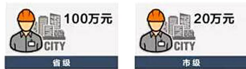
考评优秀的公共实训基地给予最高20万元奖励
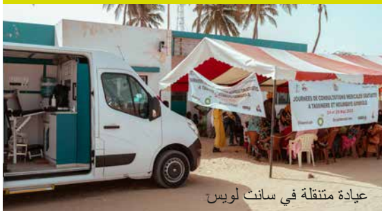
عيادة متنقلة في سانت لوي

وتعد هذه الطريقة مكملا للنظام الصحي، حيث تخلق صلة بين المجتمع ومقدمي الرعاية الصحية لتسهيل الرفع والمداومة في المرافق الصحية.
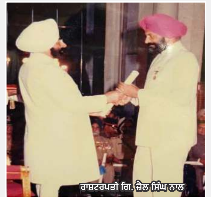
ਰਾਸ਼ਟਰਪਤੀ ਗਿ. ਜ਼ੈਲ ਸਿੰਘ ਨਾਲ
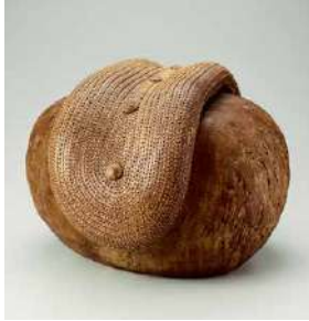
熊倉順吉《風人'67'》1967年 京都国立近代美術館蔵
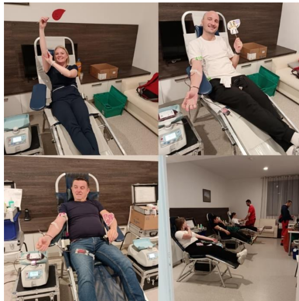
Slika 11 Akcije DDK Bizovac

Obavijesti kojima su se pozivali građani na akcije DDK, a koje je pripremala stručna služba Gradskog društva Crvenog križa Valpovo, objavljivane su i putem Hrvatskog radija Valpovštine, Gradskog radija Belišće, portala www.valpovstina.info , službene Web i Facebook stranice GDCK Valpovo te Instagram profila društva. Osim pozivanja davatelja na akcije DDK, napravljeni su različiti videozapisi kao i ostale objave kako bi animirale potencijalne, ali i zahvalili dosadašnjim dobrovoljnim davateljima koji kontinuirano daruju krvi. Objave se nalaze na prethodno spomenutim stranicama, ali i na rastućoj društvenoj mreži - Tik Tok.
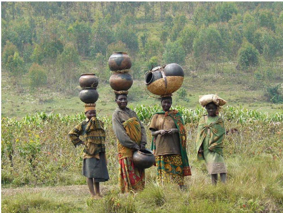
Figure 1: Photo des femmes batwa portant des pots en milieu rural au Burundi
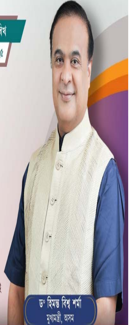
ড° হিমন্ত বিশ্ব শৰ্মা মুখ্যমন্ত্ৰী, অসম

আমি সকলোৱে মিলি গুণোৎসৱ ২০২৫ৰ সফল ৰূপায়ণ নিশ্চিত কৰাৰ লগতে আমাৰ শিশুসকলৰ উজ্জ্বল ভৱিষ্যতৰ পথ প্ৰশস্ত কৰোঁ আহক
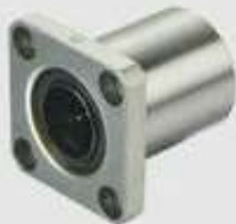
LMK 方法兰型 SQUARE TYPE
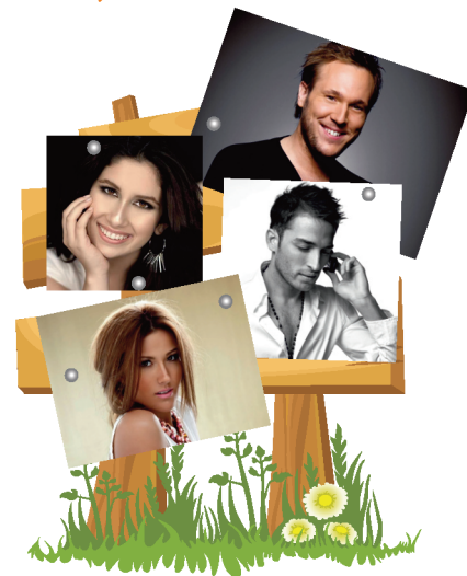
A műsorváltoztatás jogát fenntartjuk!

A rendezvény ideje alatt folyamatosan árusok és büfé várják a látogatókat.
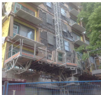
Travaux en cours aux habitations Montmorency

L’équipe des travaux majeurs vous remercie tout particulièrement pour votre patience et votre collaboration tout au long du chantier. Nous sommes parfaitement conscients que ça n’a pas été facile tous les jours. Cependant, nous espérons que vous aimez le résultat aujourd’hui. Vous vivez dans un des plus beaux HLM de l’OMHM.
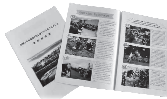
▲移住への思いを強くしたふるさと納税寄附報告書

国土交通省は、平成29年度 国土交通白書で『三大都市圏 の若者は地方移住に強い関心 を持っている』と、発表しま した。求めているのは『のん びり田舎暮らし』ではなく『新 たな暮らしと仕事』。 首都圏で開催している北海 道暮らしフェアなどでは、具 体的な移住希望先を決めず に、「北海道のどこか」への移 住を求めて相談に来る人が多 くいます。まずは、移住する 人たちが「気軽に住める場所」 としての受け入れ態勢が重要 なのかもしれません。 本町では、行政と建設業協 会が一体となって家探しなど の相談に応じています。町が 行政サービスの説明などを、 建設業協会が役場では対応で きないきめ細やかな様々なサ ポートを展開しています。 町の魅力はもちろんです が、事前に気候や環境、住ま い、子育て環境、交通の便な ど、生活に直結することもお 伝えしています。
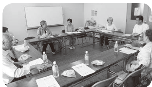
健診の大切さを改めて実感

話が聞け、質問をする時間もありません。先生からは健康診断の受診者を増やしていきたいという意気込みと、初声支部への激励の言葉もいただきました。
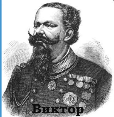
Виктор Эммануил II 28 июля 1849 17 марта 1861
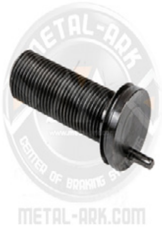
2300-03-KALİPER AYAR CİVATASI
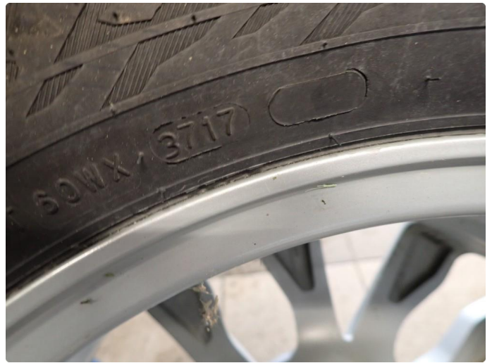
3.3 Slitte vinterdekk
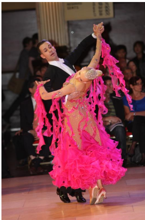
Slika 4. Slowfox
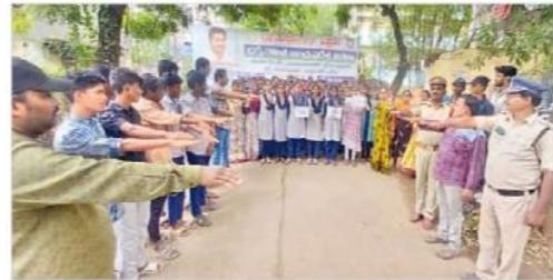
కడియంలో ప్రతిజ్ఞ చేస్తున్న విద్యార్థులు, పోలీసులు
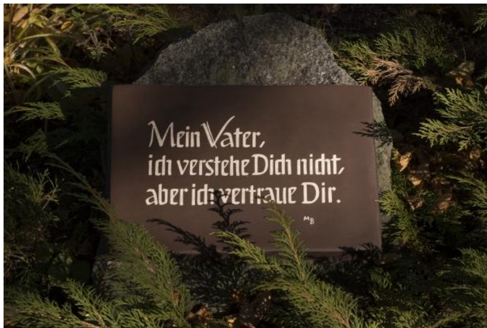
Friedhof Hundshübel
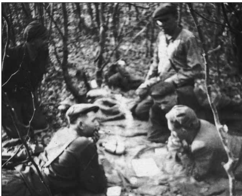
Повстанці Золочівщини на пості
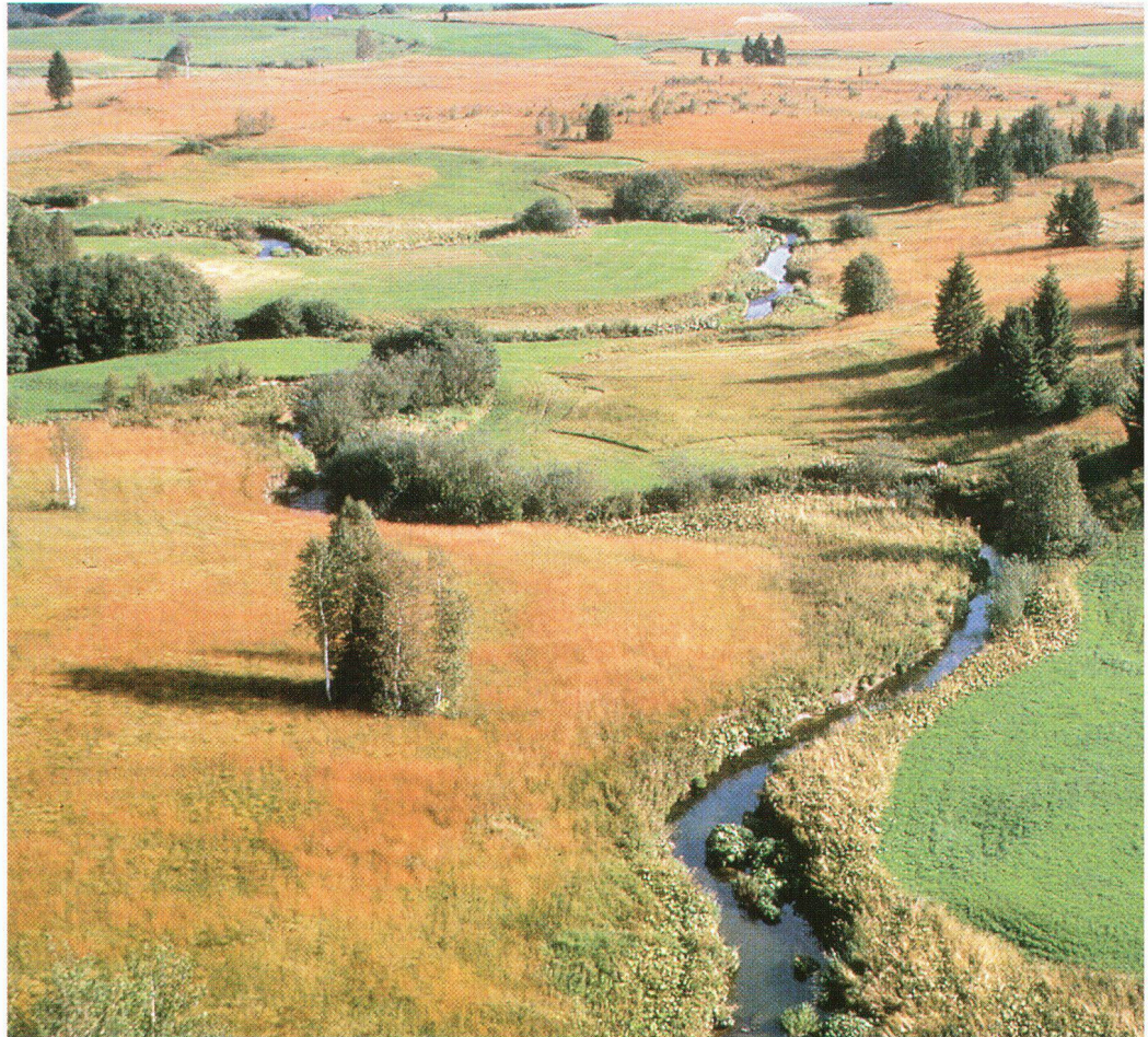
Politischer Zankapfel und Ausgangspunkt des gesetzlich verankerten Moorschutzes bildete das Hochmoor von Rothenthurm.

Der Talerverkauf 1997 wird am 31. August eröffnet mit der Sendung «Mitenand» im Fernsehen DRS und findet dann vom 6.–20. September in der deutschen und vom 29. September bis 4. Oktober in der französischen und italienischen Schweiz statt. Für einzelne Regionen werden dafür immer noch freiwillige Helfer (v.a. Lehrer und Schüler) gesucht. Anmeldungen nimmt das Talerbüro unter Telefon 01 262 30 86 gerne entgegen.
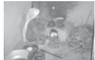
चना, केराउ भुट्टा स्थानीय महिला

टिगनीका प्राय सबै घरमा महिलाहरू विहान र बेलुका धूँवामय चुलो प्रयोग गरिरहेको हुनाले उनीहरूको साथै घरका अन्य सदस्यहरूको स्वास्थ्यमा प्रत्यक्ष र अप्रत्यक्ष रूपमा प्रतिकूल असर परिरहेको हुन्छ ।
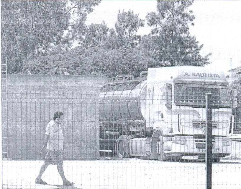
Un vecino de Costa Ballena pasea junto a un camión cisterna que está llevando a agua a la urbanización.
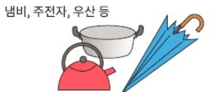
냄비, 주전자, 우산 등
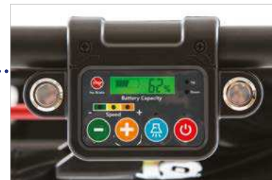
■ Quadro comandi Control panel
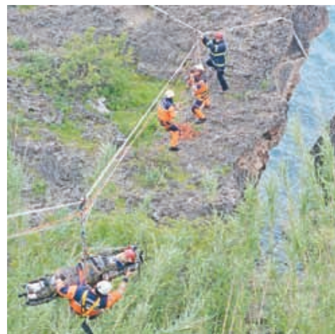
Zaključno usposabljanje na antalijski obali

Tokratni projekt, ki se bo uradno končal ta mesec, poteka v okviru evropskega
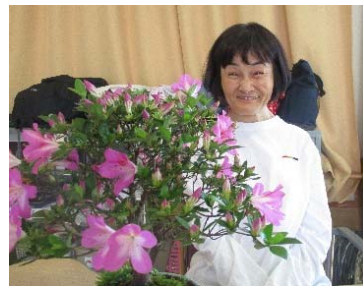
藤枝 様 6月8日生

::::::::::

Brief
Copy every line from the entries that contains the word "Slika".

Solution to this problem
Slika 11 Akcije DDK Bizovac
Slika 4. Slowfox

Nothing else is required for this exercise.